Nothing but the lines from the start of the data through the line with "I just can't" should appear in the answer, each retyped exactly, and pictures should not.

**EXERCISE DATA:**
⁂

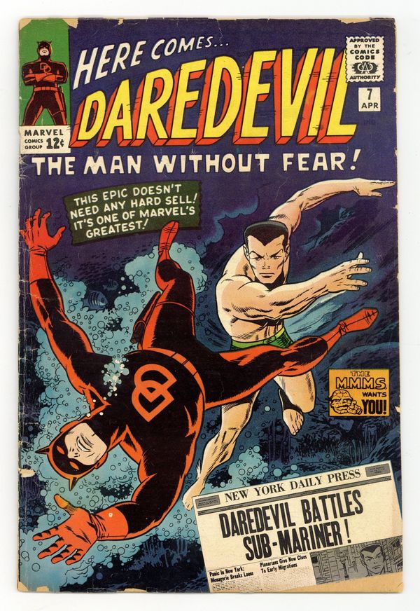 Starts Apr 20 "In Mortal Combat with Sub-Mariner!" Written by Stan Lee. Art and cover by Wally Wood. Namor hires Franklin and Murdock to sue the human race on his behalf. When this doesn't work, he gets himself arrested so he can have his day in court. Realizing humanity won't listen, the Sub-Mariner goes on a rampage which brings Daredevil into the (hopeless) fray. Namor returns to the sea out of respect for DD and to stop Krang from taking over Atlantis. Sub-Mariner/Daredevil pin-up by Wood. Note: First appearance of Daredevil's red costume. 36 pages, full color. Cover price $0.12.
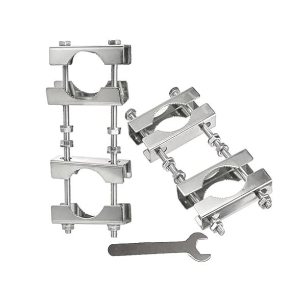 Coehaopike 2 個セット ダブルアンテナマストクランプ パイプ固定金具 ボルトマスト 傘ホルダー ポール マストクランプ付き
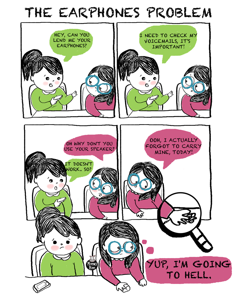 I just can't share my earphones (because I don't trust your ear hygiene levels), and I also don't want to be rude, so I LIE. SUE ME.
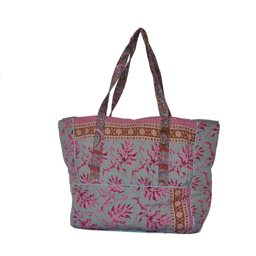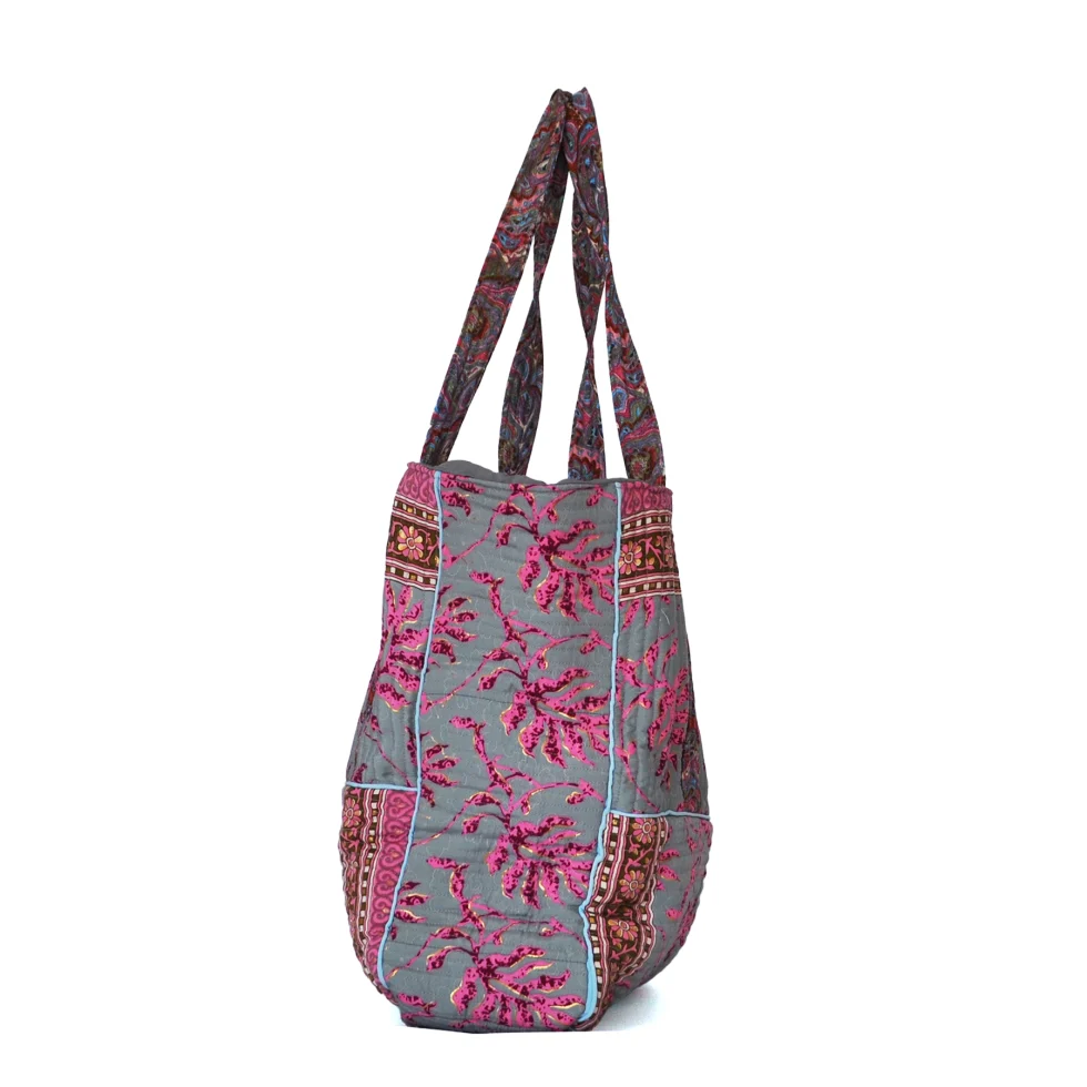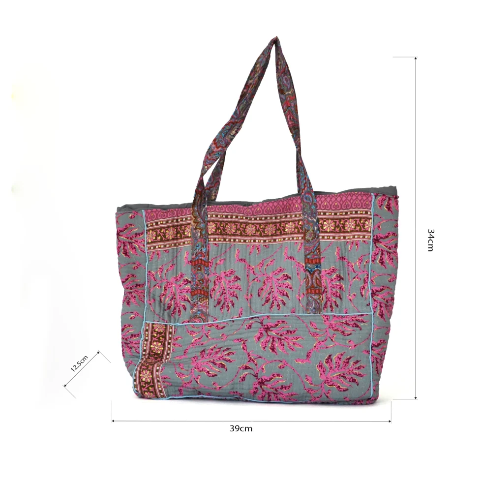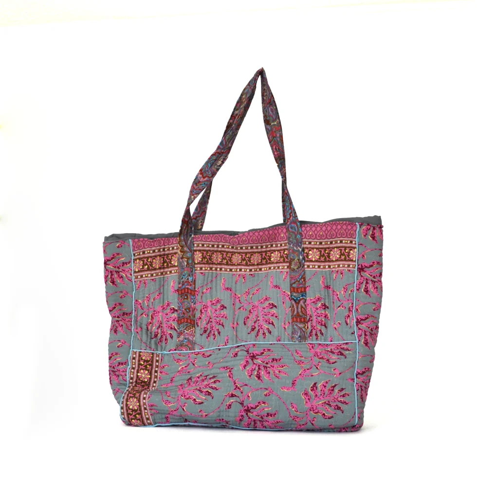 Borsa tote in cotone artigianale con stampe indiane, versatile e perfetta per ogni occasione.

⁂

**SOLUTION:**
 Starts Apr 20 "In Mortal Combat with Sub-Mariner!" Written by Stan Lee. Art and cover by Wally Wood. Namor hires Franklin and Murdock to sue the human race on his behalf. When this doesn't work, he gets himself arrested so he can have his day in court. Realizing humanity won't listen, the Sub-Mariner goes on a rampage which brings Daredevil into the (hopeless) fray. Namor returns to the sea out of respect for DD and to stop Krang from taking over Atlantis. Sub-Mariner/Daredevil pin-up by Wood. Note: First appearance of Daredevil's red costume. 36 pages, full color. Cover price $0.12.
 Coehaopike 2 個セット ダブルアンテナマストクランプ パイプ固定金具 ボルトマスト 傘ホルダー ポール マストクランプ付き
 I just can't share my earphones (because I don't trust your ear hygiene levels), and I also don't want to be rude, so I LIE. SUE ME.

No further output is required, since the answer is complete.